Mapping and data processing

DNA-seq reads were aligned onto the human reference genome (hg19/GRCh37) using BWA (0.5.9-r16) [56] allowing 1nt mismatch at most in a 24nt seed. For RNA-seq, reads were mapped onto the hg19 genome and exon-exon junctions by splice-aware aligner Tophat (v1.4.1) [57], using the known gene model annotation from Ensembl release 62. Reads with an unmapped mate or multi-mapped location were filtered out using Bamtools (1.0.2) [58] and PCR or sequencing optical duplicates were marked and removed by Picard (1.55) (http://picard.sourceforge.net). Using NCBI dbSNP build 132, multiple sequence local realignment around InDels and base quality recalibration was performed by GATK (1.4) (The Genome Analysis Toolkit) [59] to correct likely misalignments. Integrating DNA/RNA sequencing data of all specimens, SNVs/InDels were identified and filtered by GATK [60] to achieve high-confidence sites (strand bias, base quality, mapping quality and position bias were taken into account). Additionally for RNA-seq data, we used samtools (0.1.18) [61] to call SNVs/InDels, and retained as high-confidence only those sites which were concordant between both GATK and samtools results. All variants were annotated with genic regions and potential consequences on protein-coding sequences using the tool AnnoVar [62]. The effect of non-synonymous SNVs on protein function was assessed using Condel [63], a method which integrates several predictive tools (e.g. SIFT, Polyphen2, MutationAssessor).
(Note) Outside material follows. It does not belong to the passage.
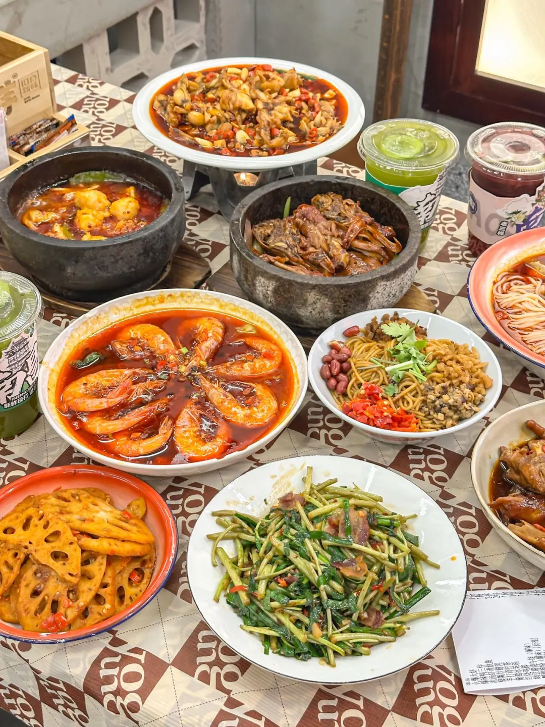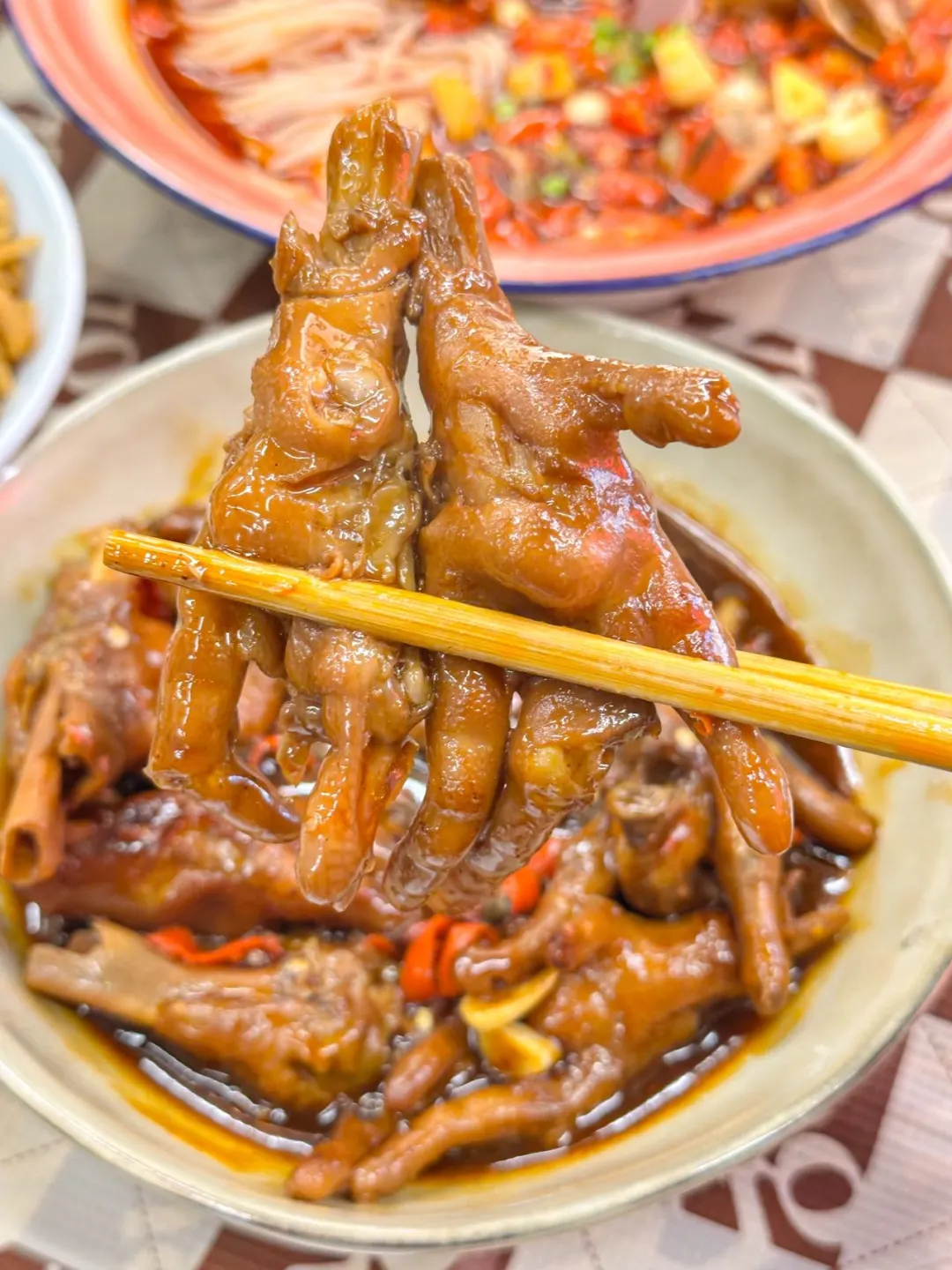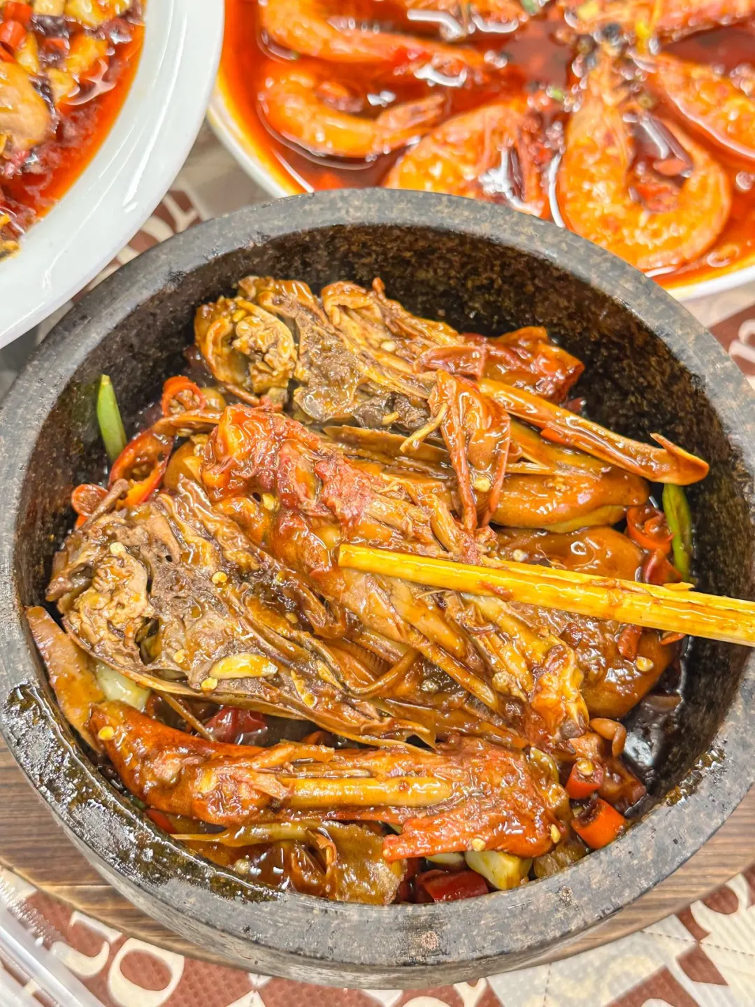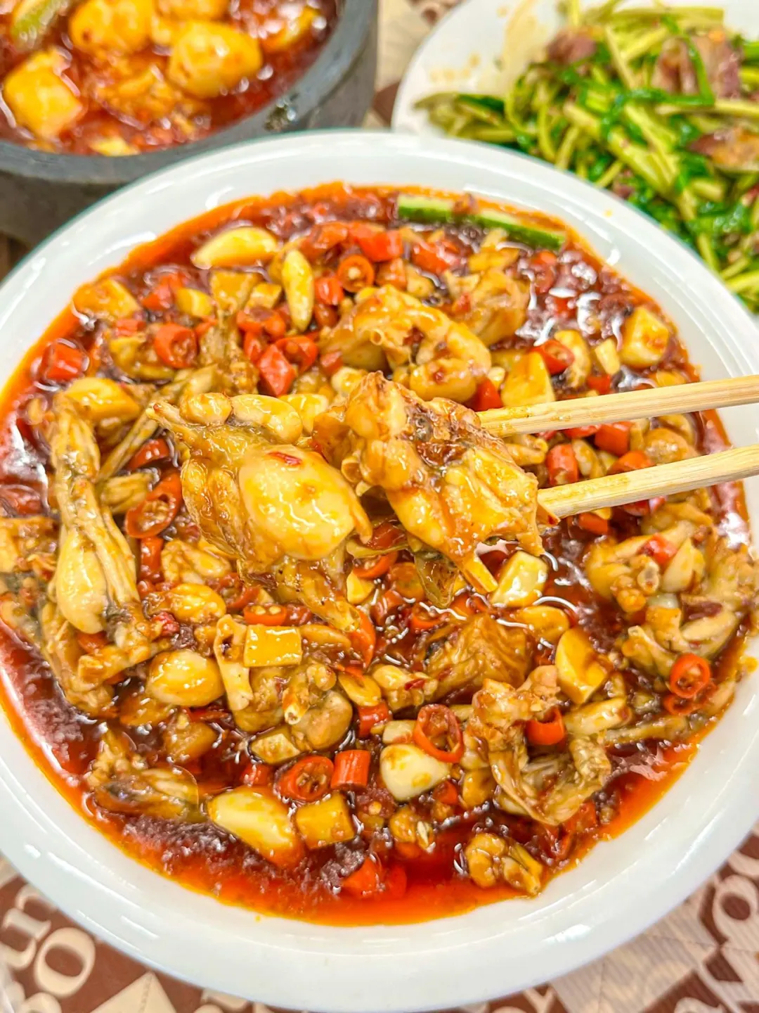嫩豆腐牛蛙、蟹脚捞粉、红烧鸡脚、爆辣鸭三件…一桌都是下饭菜,炫饭两大碗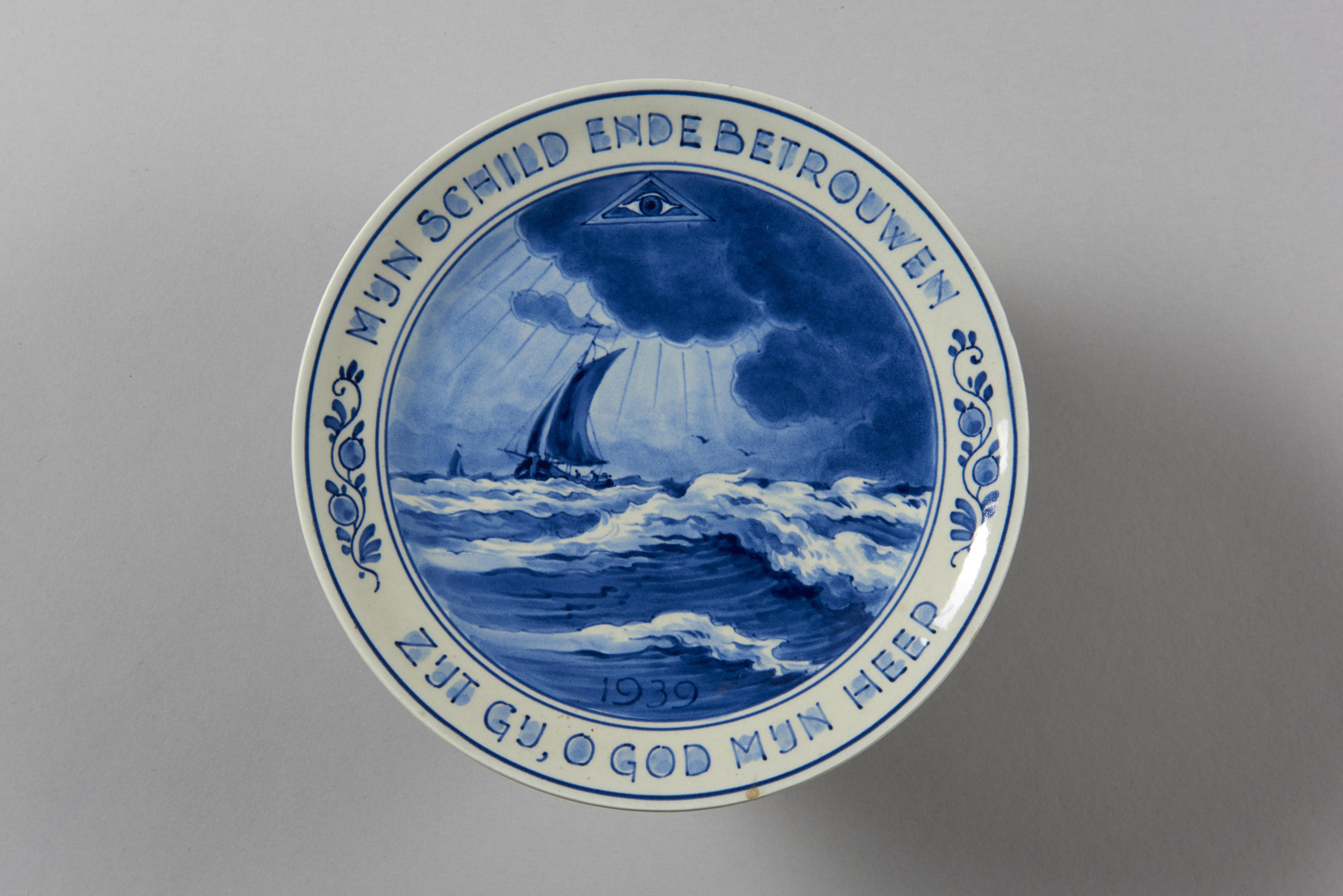 Gedenkbord, uitgebracht tijdens de dreiging van het uitbreken van de Tweede Wereldoorlog in 1939. Op het bord staat een afbeelding van een schip op een woeste zee. In de donkere wolken boven het schip is het Alziend oog afgebeeld. Op de rand van het bord staat de tekst: ‘Mijn schild ende betrouwen zijt Gij, o ...

Based on the alignment of RNA-seq reads, gene expression profiles for each sample were calculated based on the gene annotation (Ensembl release 62). Only reads which were unique to one gene and exactly corresponded to gene structure were assigned to the corresponding genes. Raw read counts were normalized by R package DESeq (1.10.1) [64], which was designed for gene expression analysis of RNA-seq data across all samples (Table S17 in File S2).

The identification of RNA-DNA differences

For each tumor specimen, genotypes of all sequenced DNA and corresponding RNA sites were compared, and separated into 2 categories, either concordant sites (where the DNA genotype matched that of the RNA) or discordant sites (where the DNA and RNA genotype was different).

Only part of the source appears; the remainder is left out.